Some Risks to Consider

Those who do would be wise to remember that the point of a "test" is that you are testing something that runs the risk of "Bad Things" happening. You might not be able to think of any risks, but that's because you don't - and can't - know what those are...until you run your tests. Some of the Bad Things that can happen include:

Logical Data Corruption

In the case of INSERT and UPDATE statements, these are by their very nature likely to create records with spurious or malformed data, or that doesn't implement referential integrity correctly. Moreover, the bad data can break logical assumptions that previously tested and well-behaved applications hold about the data. Should an application encounter a faulty record, it may result in anything from "wrong answers" to crashing your entire site until the corruption is identified and manually fixed.

Performance Degradation

A common scenario is that your test app is doing a table scan that you didn't identify in your dev instance because it only contains about 10,000 records, compared to the 100 million in production. Once your application commences a table scan on one or more core tables, your prod database can become deadlocked until you kill the queries one-by-one. Worse still, once your app has used up all the available database connections, you won't even be able to open a command shell on the database to kill the queries.

Locking Issues

If you were to forget to COMMIT a transaction, you could wind up locking half the database because you have uncommitted multi-statement transactions sitting in your database connection pool. As a result, the customer operations could time out and randomly deadlock.

End Users See Wrong Data

Bad data is a problem at many levels. The badness can range from selling inventory that you don't have to having user accounts without passwords that open you to hacks. A related concern is forgetting to delete test users.

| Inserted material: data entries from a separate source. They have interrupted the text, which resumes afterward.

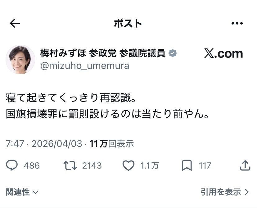 参政党・梅村みずぽ「寝て起きてくっきり再認識。 国旗損壊罪に罰則設けるのは当たり前。」
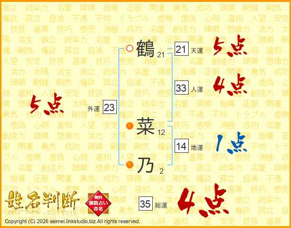 生活面を象徴する運勢です。外部から受ける影響力を表し、結婚運、家庭運や職場、環境への順応性を表します。総運から人運を引いた画数。姓や名が1文字の場合を除く。
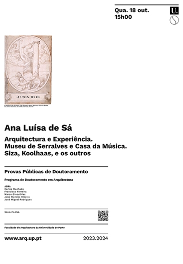 Por lo tanto, la tesis que aquí se presenta compone un estudio comparatista entre Siza y Koolhaas a través del Museu y de la Casa, profundizando en los entresijos de la arquitectura y (su) experiencia, desde el pensamiento de los autores hasta el de los otros que emerge de la obra de los primeros, para comprender qué de esta elusiva, invisible e inefable, de esta longitudinal y multifacética cosa que es la experiencia de la arquitectura se puede, a través de ellos, ver y decir (y especular).
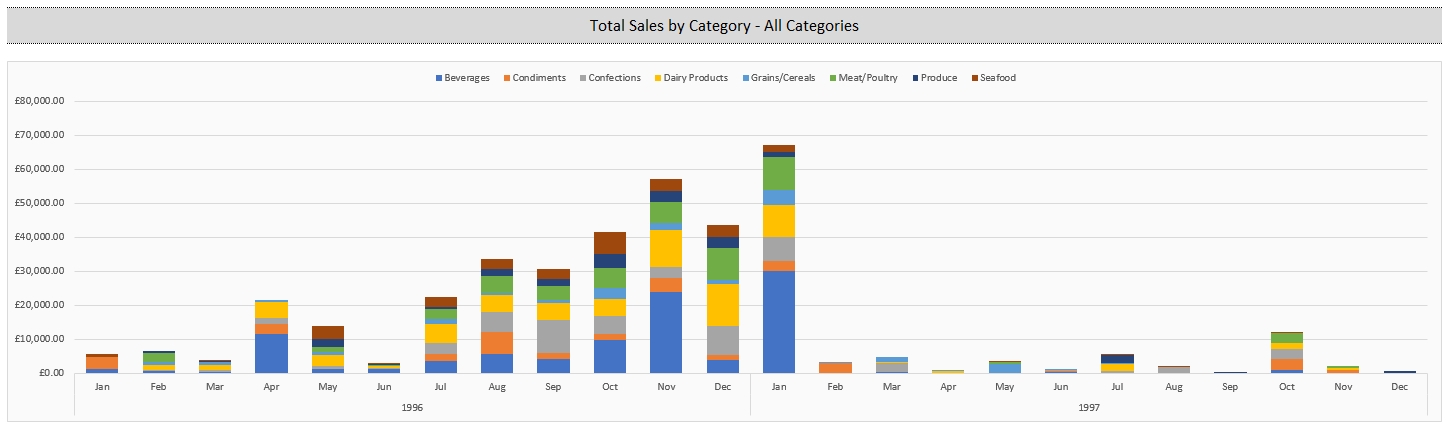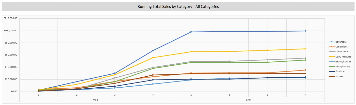 The category sales are analysed with the Running Total Sales and Total Sales by Category measures. We can summarise that the highest period of sales occured during Q2 1996 – Q1 1997, and subsequently levelled off.
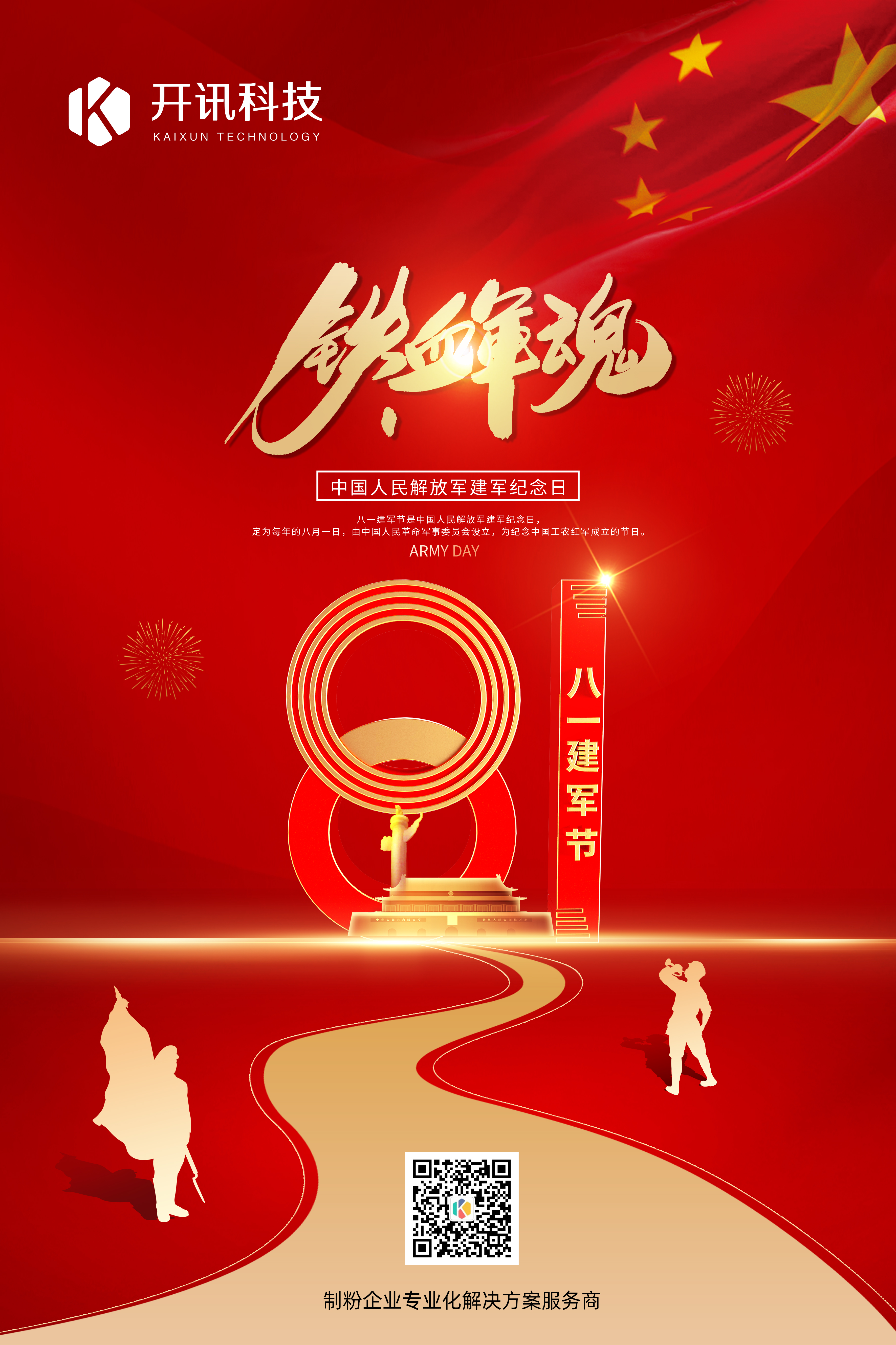阜陽開訊科技有限公司攜全體員工熱烈祝賀中國人民解放軍建軍95周年,阜陽開訊科技有限公司也將繼續(xù)為糧油企業(yè)提供完善的服務(wù),提供數(shù)字化建設(shè)優(yōu)質(zhì)方案。
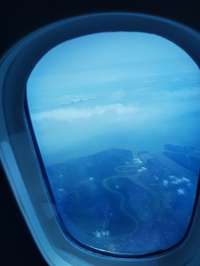 Dann begann allerdings auch der Abstieg nach Chengi Airport. Während des Fluges sprang die ursprünglich genannte Ankunftszeit von 16:05 Uhr auf 16:40, denn wir mussten zwei Gebiete umfliegen, wo schlechtes Wetter herrschte. Auch so gab es einige Turbulenzen, aber nix dramatisches. Erste Blicke auf den Inselstaat Singapur.
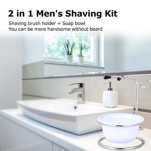 Ein Rasierpinselhalter und eine Rasierseife Schüssel enthalten, treffen Sie Ihre grundlegenden Rasur braucht.

Since you're probably the only one who knows about them, they're likely to stick around until a hacker manages to discover your "test123" user with the "password123" password.

Unknown and Undefined Risks

The are countless other scenarios of disaster and destruction that are limited only by your imagination or those of higher powers who enjoy watching us suffer and struggle...

Conclusion

Never think that because you "understand" your code that bad things can't happen. Down that path lies madness. You may get away with your shenanigans for a while, maybe even a good while. Nonetheless, the day will come when things go badly, and when they do, they will go very badly.